GOAL OF THE EXERCISE: All lines in the records below from the line with "伯乐头条专讯:泰国政坛近日再" through the line with "医药生物、银行、新能源和电力" are to be given again exactly, both ends included; the pictures are to be left out.

-------- SOURCE DATA --------

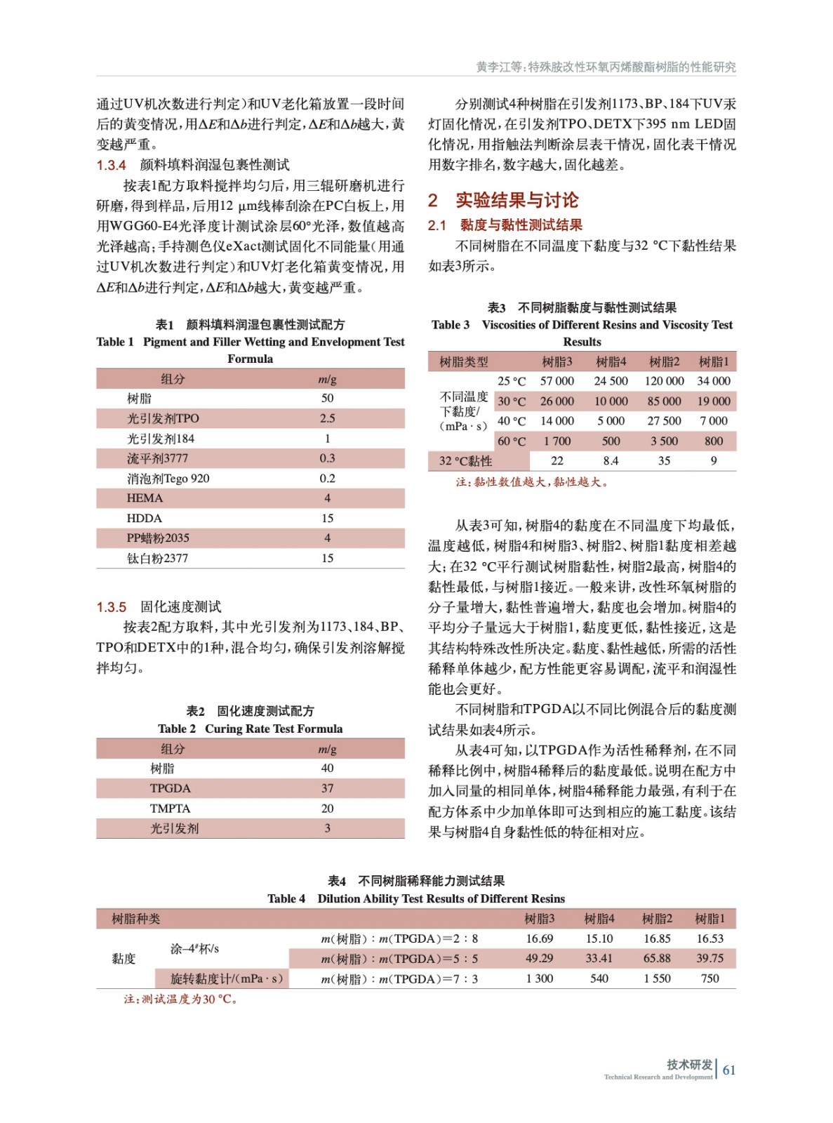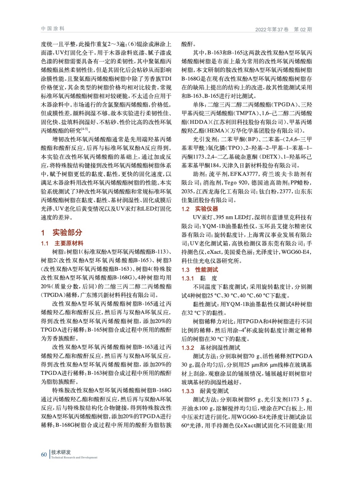特殊胺改性環(huán)氧丙烯酸酯樹脂的性能研究
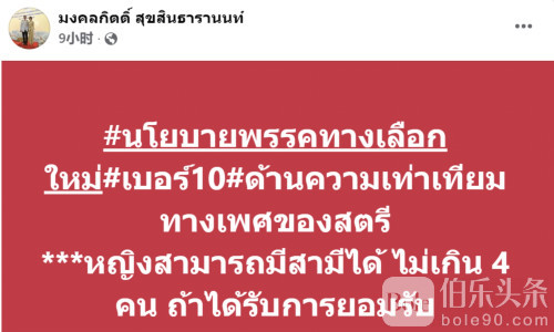 伯乐头条专讯:泰国政坛近日再掀话题风暴。泰国“新选择党”(党号10)总理候选人蒙空吉日前通过个人脸书账号发布最新竞选政策,其中一项有关“女性性别平等”的提议迅速点燃舆论——他主张,在获得社会认可的前提下,女性可以拥有不超过4名丈夫,模式“可参考伊斯兰法律中的相关规定”。
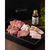 | 原材料 | 黒毛和牛(特選ロース/特選ヒレ/ハラミ)、錦雲豚バラ 75g、日向鶏モモ、厚切り燻製ベーコン、醤油(国内製造)、砂糖、たまねぎ、りんごピューレ、アミノ酸液、おろしにんにく、すりごま、豆味噌、清酒、いりごま、(一部に大豆、小麦、りんご、ごまを含む) |
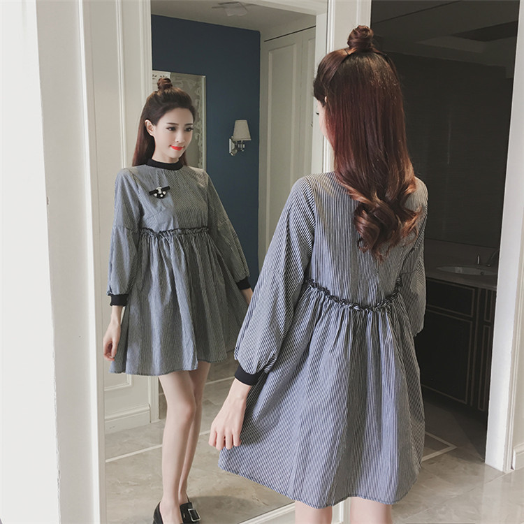 春裝新款女裝韓版寬松A字裙女顯瘦中長款條紋長袖連衣裙秋冬
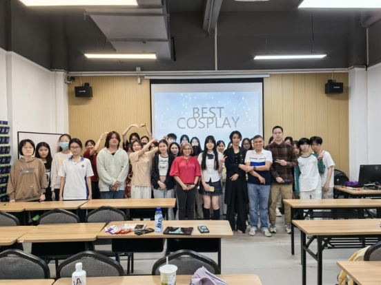 活动最后,全体师生合影留念,定格这场跨越次元的英语狂欢。本期英语角不仅让同学们在轻松氛围中提升了英语表达能力,更通过cosplay文化展现了青春活力与创意风采。
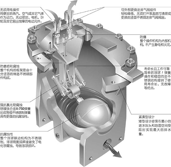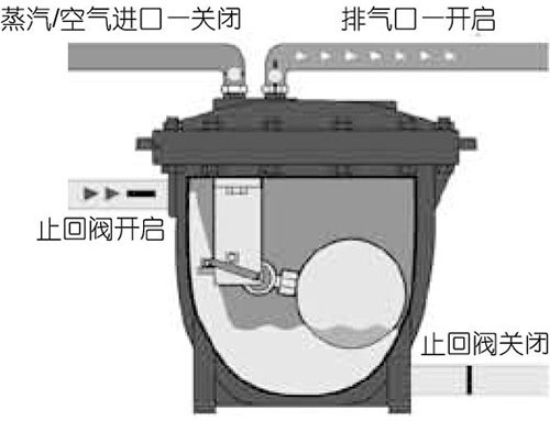 3.隨著凝結水的排出,浮球下降,直至聯動機構動作到低位,泵排氣口打開泵內壓力釋放,保留水封。
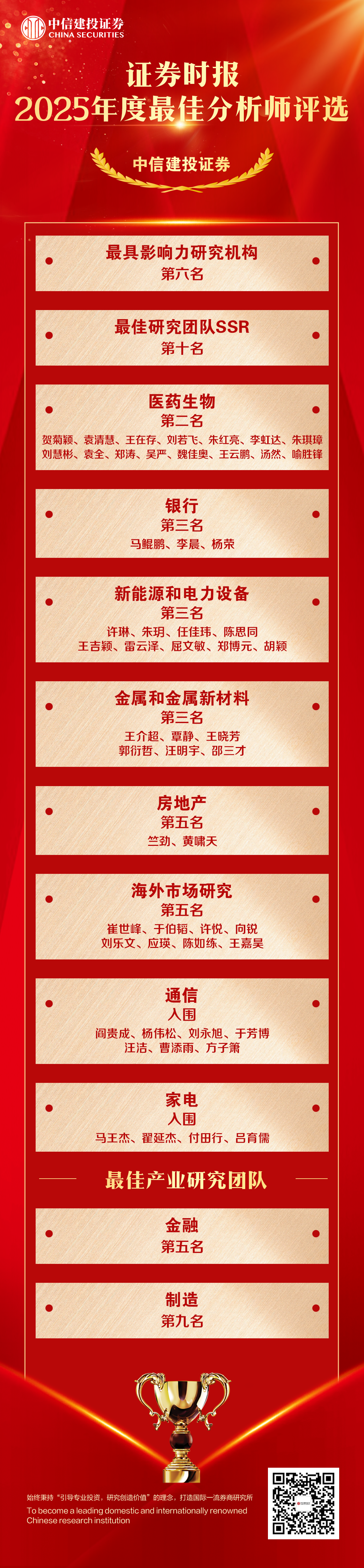 医药生物、银行、新能源和电力设备、金属和金属新材料、房地产及海外市场研究等研究团队荣获“2025证券时报最佳分析师”奖项。多个行业入围“最佳分析师”奖项。
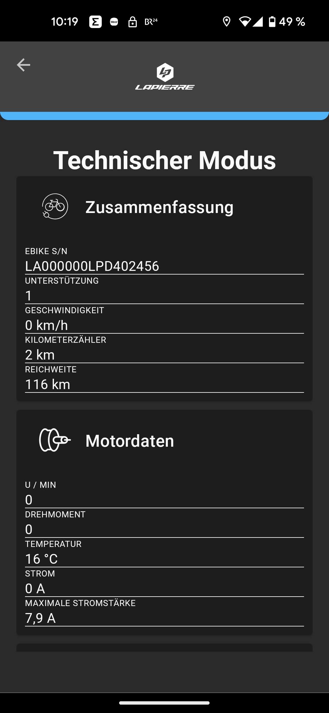 Über die App können die Daten von Motor, Akku und Bedieneinheit eingesehen werden, beim Lapierre wird auch die niedrige Laufleistung bestätigt. Außerdem zeigt die Software die Ladung des Akkus in Prozent und die errechnete Reichweite an. Auch die Nutzung der jeweiligen Leistungsmodi in absolvierten Kilometern wird angezeigt.
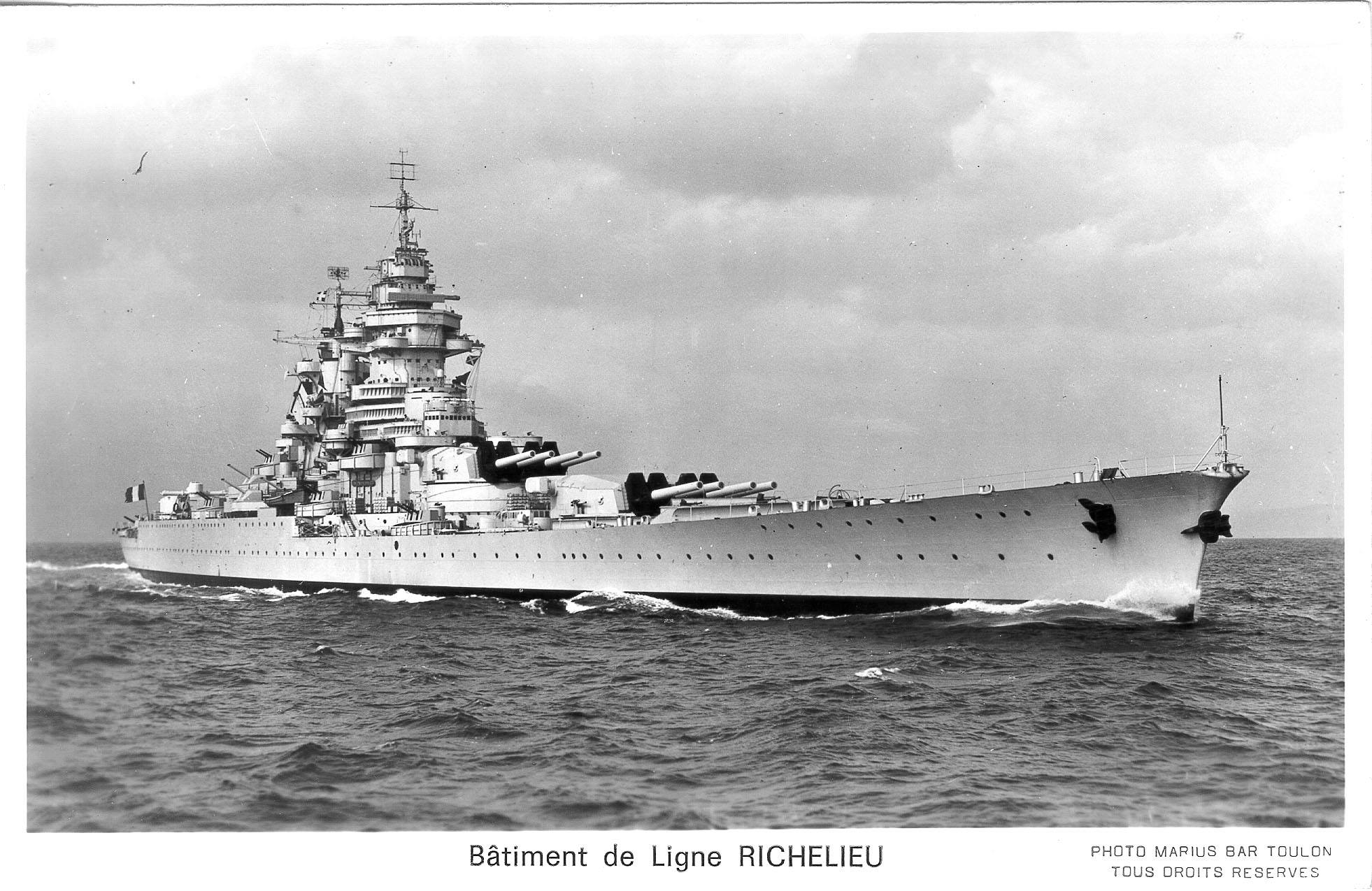 Description: A large battleship in the middle of the ocean with a lot of smaller ships in the background and a few smaller ones in the water.

--------

TASK RESULT:
 伯乐头条专讯:泰国政坛近日再掀话题风暴。泰国“新选择党”(党号10)总理候选人蒙空吉日前通过个人脸书账号发布最新竞选政策,其中一项有关“女性性别平等”的提议迅速点燃舆论——他主张,在获得社会认可的前提下,女性可以拥有不超过4名丈夫,模式“可参考伊斯兰法律中的相关规定”。
 | 原材料 | 黒毛和牛(特選ロース/特選ヒレ/ハラミ)、錦雲豚バラ 75g、日向鶏モモ、厚切り燻製ベーコン、醤油(国内製造)、砂糖、たまねぎ、りんごピューレ、アミノ酸液、おろしにんにく、すりごま、豆味噌、清酒、いりごま、(一部に大豆、小麦、りんご、ごまを含む) |
 春裝新款女裝韓版寬松A字裙女顯瘦中長款條紋長袖連衣裙秋冬
 活动最后,全体师生合影留念,定格这场跨越次元的英语狂欢。本期英语角不仅让同学们在轻松氛围中提升了英语表达能力,更通过cosplay文化展现了青春活力与创意风采。
 3.隨著凝結水的排出,浮球下降,直至聯動機構動作到低位,泵排氣口打開泵內壓力釋放,保留水封。
 医药生物、银行、新能源和电力设备、金属和金属新材料、房地产及海外市场研究等研究团队荣获“2025证券时报最佳分析师”奖项。多个行业入围“最佳分析师”奖项。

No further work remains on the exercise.